Satellite Content and Core Content
Now the theory around satellite content was specifically designed for blogging strategies and content marketing strategies. However, I and other marketers I know have applied the satellite content strategy to anything from event listing pages to e-commerce product pages.
And it works. It keeps working. Day in and day out.
Even though the theory itself is old. Mint.com had applied it sometime around 2010. I have applied it (first time) in 2010-2011 after learning about it from an ex-Mint.com employee (who made tens of thousands of dollars selling the playbook he used to get this done while with the company).
When I applied it, it helped me bring 5,000 new users in just 4 months to my tech startup which I was managing back then. And this is after I’d struggled for 18 months to bring the first 5,000. So basically I’ve doubled the number in 4.5x less time.
How? By using the core content and satellite content theory.
I’ll show you exactly how I did it.
Step 1
I would create a really long page on the website or a really long blog post that targeted one of the Direct 1, Direct 2 or Direct 3 keywords from my own strategy.

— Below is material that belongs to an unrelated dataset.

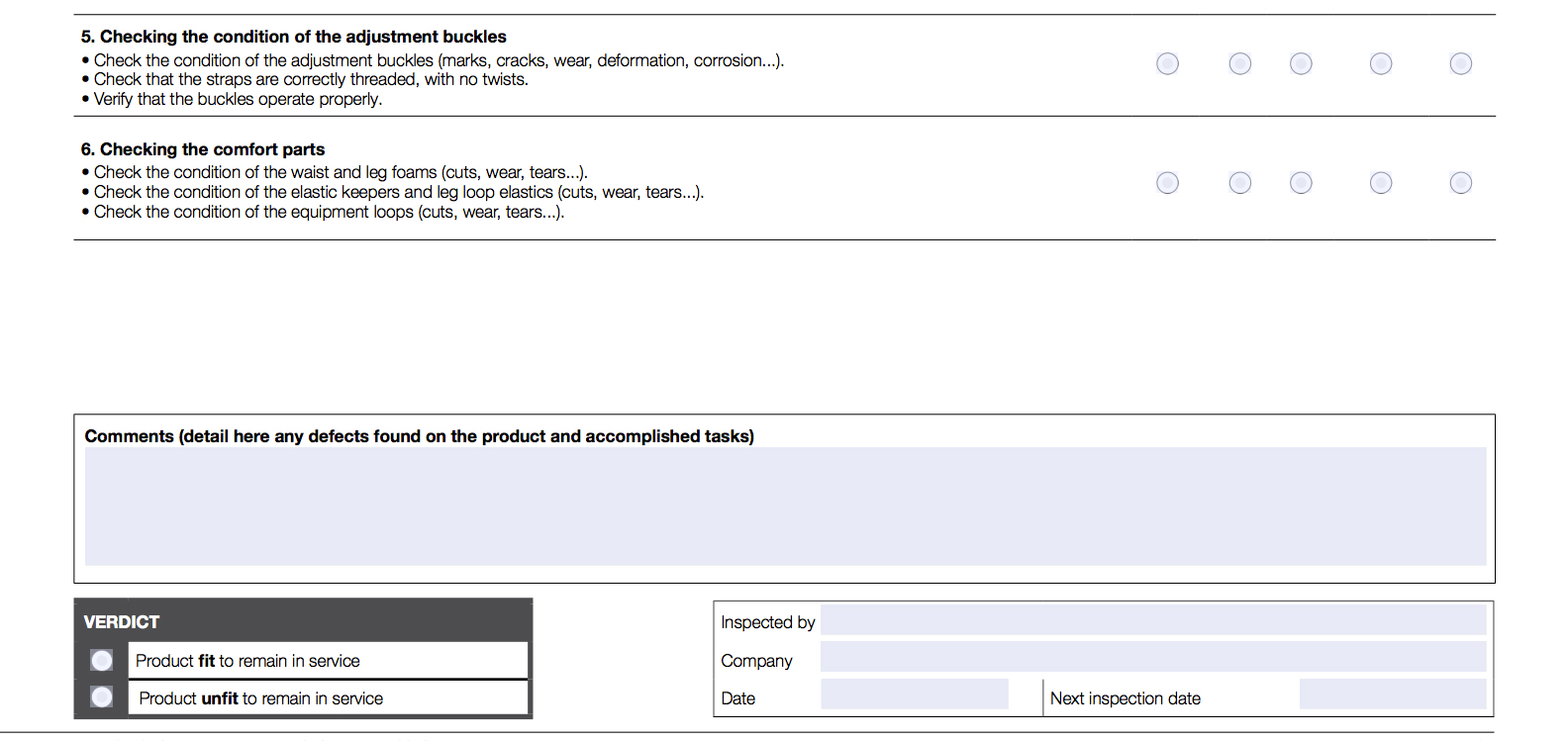 Workplace safety or whs inspection checklists are tools used by employers and/or safety managers to complete safety checks within your place of work. Free download a safety harness. Bend all web surfaces, a section at a time, and look for damage. Blank inspection checklist form template construction site. There are three main types of safety harness inspection that you need to carry out.

I’d do SEO for it (optimize content; manually back then :)) because the SEO Live Assistant from Squirrly was not around; optimize snippet, etc.).
Step 2
Then, I’d create 5 satellite pages which all linked to it in very obvious places. This was to ensure that people visiting the satellites would end up visiting the Core Page itself.
Some of the satellite pages were created to be related to current trends, current world events, celebrities, etc. Anything that would help the satellites generate buzz and tons of traffic from “novelty stuff”. It had that novelty appeal.

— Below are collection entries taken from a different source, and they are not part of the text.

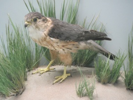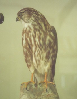 Falco columbarius aesolon: Beim Weibchen ist die Oberseite „dunkelbraun, rötlich gesäumt“ und mit schwarzen Schaftstrichen versehen und die Unterseite ist „weiss bis beige, von der Brust abwärts rötlich getönt, kräftig braun gestreift“ (Ferguson-Lees/Christie: “Die Greifvögel der Welt” (2009)).
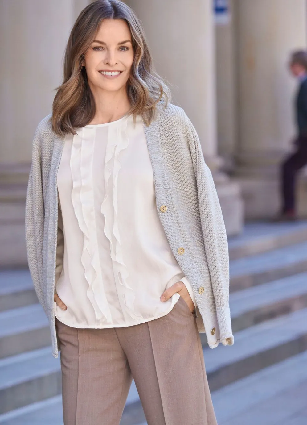 Langarm-Tunika von TIZIA mit rundem Halsausschnitt, verspielten Stufen-Volants im Vorderteil, schmalen Manschetten sowie Seitenschlitzen.
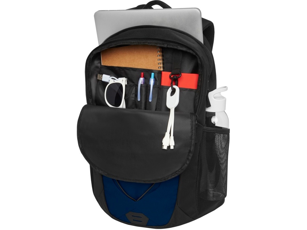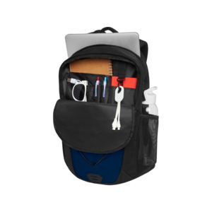 Комбинация походного и ежедневного рюкзака с цветной отделкой и эластичным шнурком со светоотражающими элементами на передней панели. Имеет два внешних сетчатых кармана для хранения бутылок с водой, переднее отделение с несколькими небольшими отделами, крючок для удобного хранения и чехол для планшета размером 12". Рюкзак оснащен укрепленной ручкой и удобной спинкой со смягчающими прокладками. Мягкий чехол внутри главного отделения подходит для ноутбука размером 15,6".
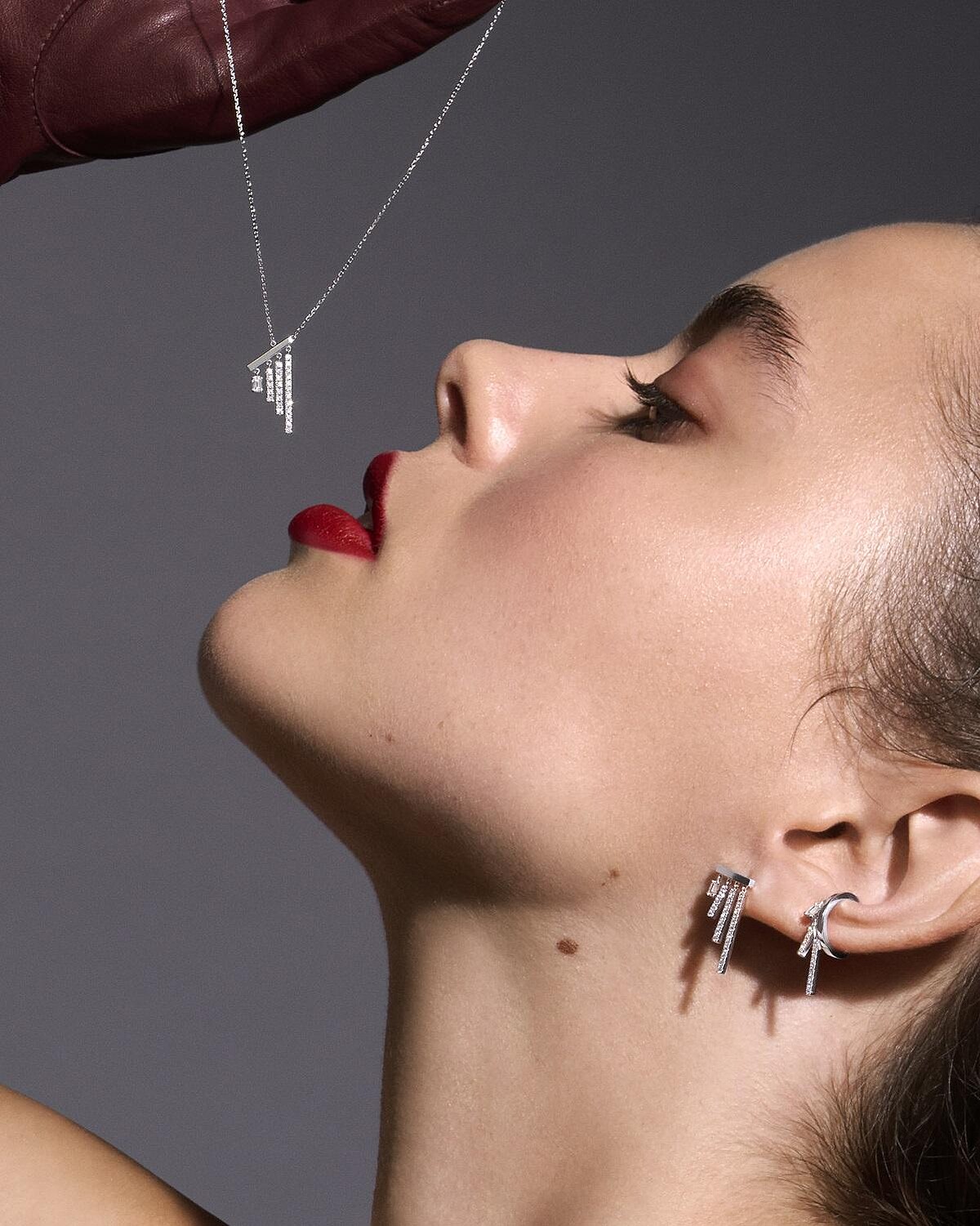 節慶夜晚的派對節奏緩緩升溫,當時針指向10:00,燈光搖曳中的迷人光影如瀑布般灑落在頸間這一刻,Baguette Cut長方形切割鑽石為主角的Chandelier Baguette系列鉑金鑲鑽項鍊,便自然成為眾人視線的焦點,以俐落的排列結構與層次堆疊的光感,折射出如同古典吊燈般璀璨而優雅的氣場,金屬與鑽石交織出流轉不息的光芒,恍若午夜前最耀眼的一次眨眼,既華麗,又令人難忘。
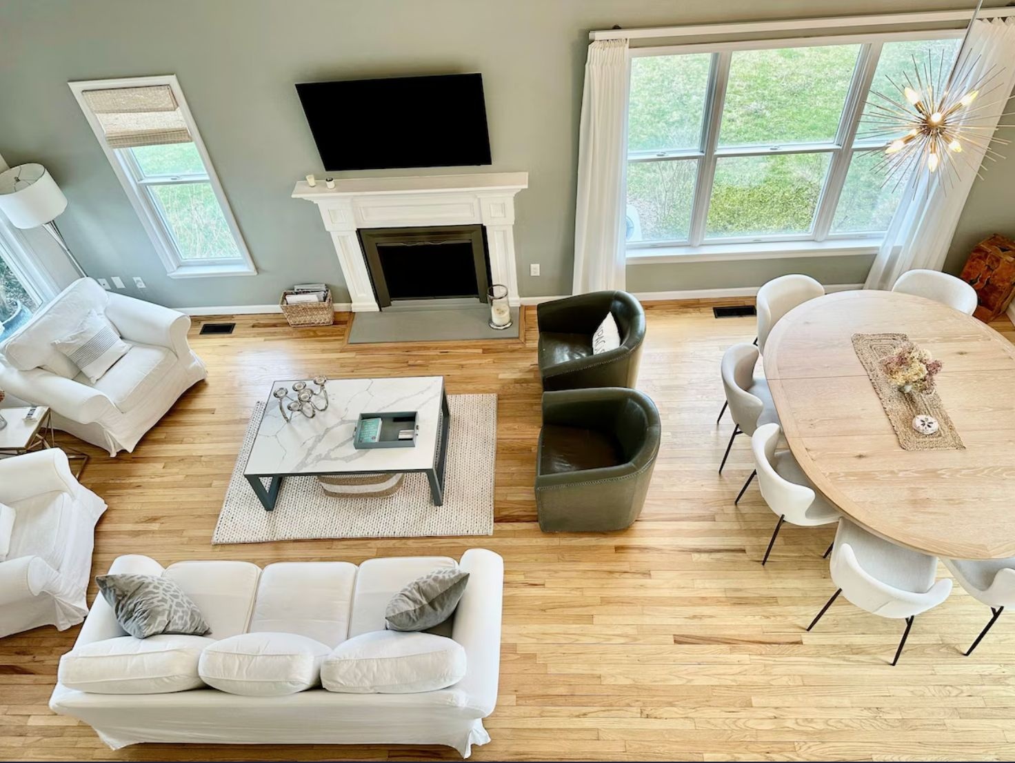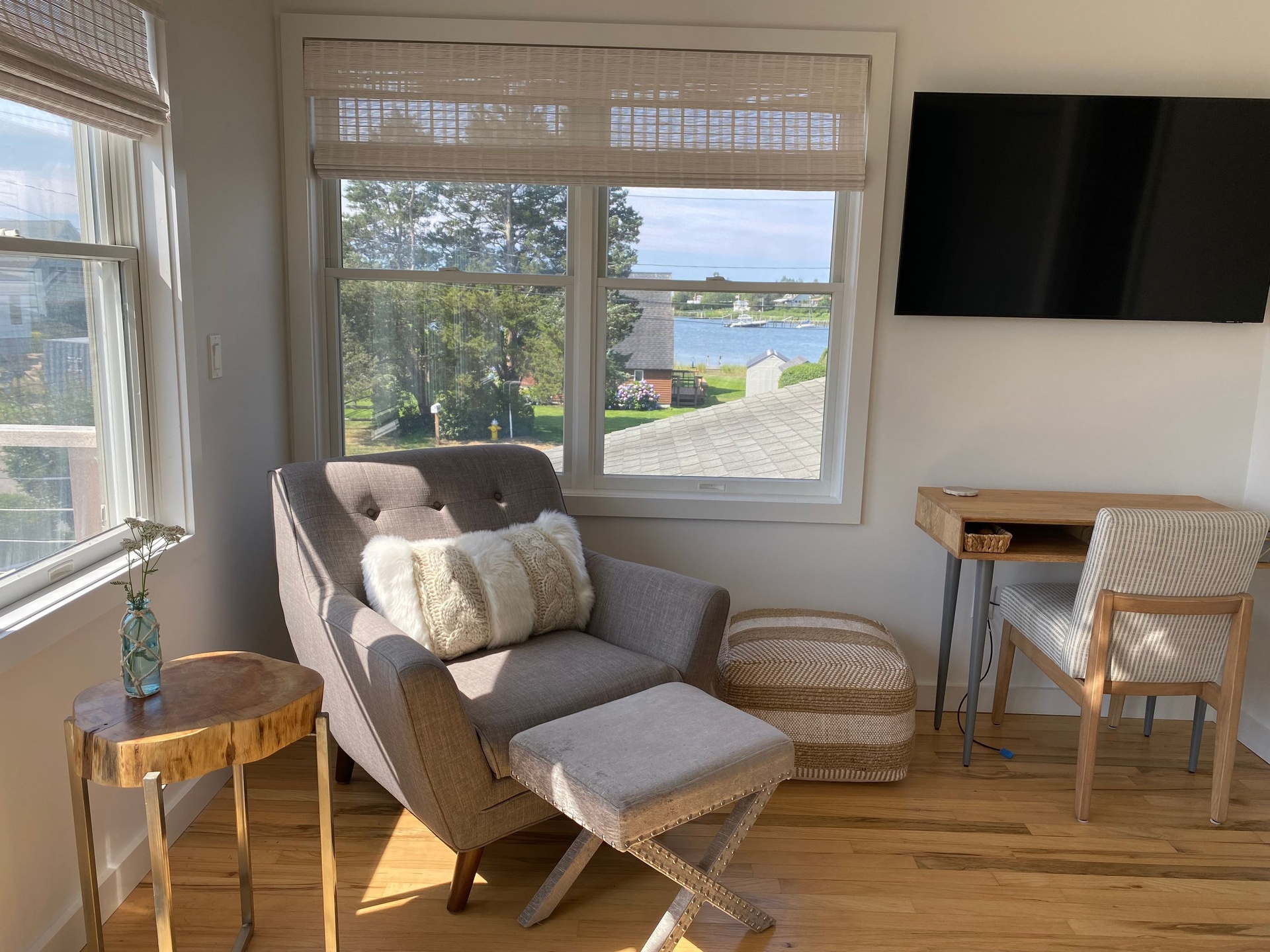 The four-bedroom layout includes a first-floor primary suite, a second en-suite bedroom upstairs, and two additional guest bedrooms. The open floor plan with high ceilings features a living room with fireplace, a dining area with bay views, which opens into a spacious kitchen. The kitchen is bright with new appliances and countertop seating.

The buzz, the traffic, the links, the social media signals, and everything would go to those satellite pages.
These satellite pages then led people to the Core Page.

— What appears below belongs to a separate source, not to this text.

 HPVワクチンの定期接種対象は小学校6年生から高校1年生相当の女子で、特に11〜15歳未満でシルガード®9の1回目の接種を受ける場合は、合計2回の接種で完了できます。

You probably guessed it by now: the Core Page was basically a Focus Page. The focus page, of course, had nothing to do with novelty. It was important for it to be evergreen (to appeal to audiences time and time again for years to come).
The way everything was orchestrated was to make Google see that the Focus Page itself was the point in the user’s journey that had the highest value, NOT the initial piece of content (the satellites) on which people landed.
Also, the Focus Page didn’t have links back to those satellites. Nor to other pages, for that matter. And if sometimes they did, then those links had “no-follow” attributes attached.
This was made to ensure that the Focus Page kept all the Authority locked in.
The Outcome
All of this created massive SEO boosts for my focus pages back then.
Google saw: good SEO, relevant content, social media interest, blogosphere interest (because of the many links) to 5 different pages AND that all these 5 different pages considered that the Focus page was the ultimate resource.
Therefore, Google thought, all the Authority should be given to the focus page itself.
This story was to help you see that you can become extremely creative with the way you create those 5 satellite pages which will link to your Focus Page.
At one point, I’ve had 2,500 visits in two hours to one of the satellite pages because Paulo Coelho tweeted about it. Most of the people who came this way also visited the Focus Page.
The Road So Far:
Until now on your Journey:
- You’ve started building social signals, backlinks, and inner links;
- You’ve begun fixing outbound links so that you no longer lose authority;
- You’ve fixed Google Analytics readings and you’ve made sure Search Console has a good idea about what your site pages are.
These are all things that go beyond on-page SEO. They help your Focus Page AND your entire WordPress site to build Authority, which is a very important thing you’ll need if you really want to compete on search engines.
Just a few days left on your Journey! You’re learning a lot; so keep at it! You can do this.